I’ve been thinking about him for half a day, and I don’t really have a relationship with him.

He didn’t like it since he was a kid. It’s the only thing that matters.

It was just that Ho-hyun told me that he had changed his girlfriends, and that he had forgotten that short night.

I’m so sorry.

“Five years of work, you won’t. Can’t get $20,000? He smiled and asked me, and I felt more sarcasm.

I’m bitter.

He went abroad to study and came back with millions of dollars a year, and I spent thousands of dollars a month without a penny.

Again, I think he was right after that night, that’s the difference. If I were to contact him again, I would be ashamed of myself.

“My salary is my boyfriend’s. “I’m like a leaking plum ball.
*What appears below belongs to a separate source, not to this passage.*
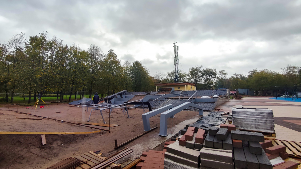 На фотографии изображён участок строительных работ с монтажом металлических каркасов и укладкой плитки. В центре кадра — рабочие, устанавливающие элементы сооружения. На переднем плане — стопки строительных блоков и брусчатки, на заднем — зелёные деревья и технические контейнеры. Атмосфера пасмурного дня с серым небом подчёркивает условия уличного строительства. Фото отражает процесс благоустройства городской территории.

In a moment, his eyes were darkened, “Good boy, get down. I’m sorry.

He was patient with her.

The red face was also scared, opened the door and hesitated.

“Go down. This time, his tone was so cold.

The girl was afraid to hesitate, took her bag and stepped on Gao’s heels and withdrew.

It’s over. He’s in a bad mood, and I don’t think he can talk to me.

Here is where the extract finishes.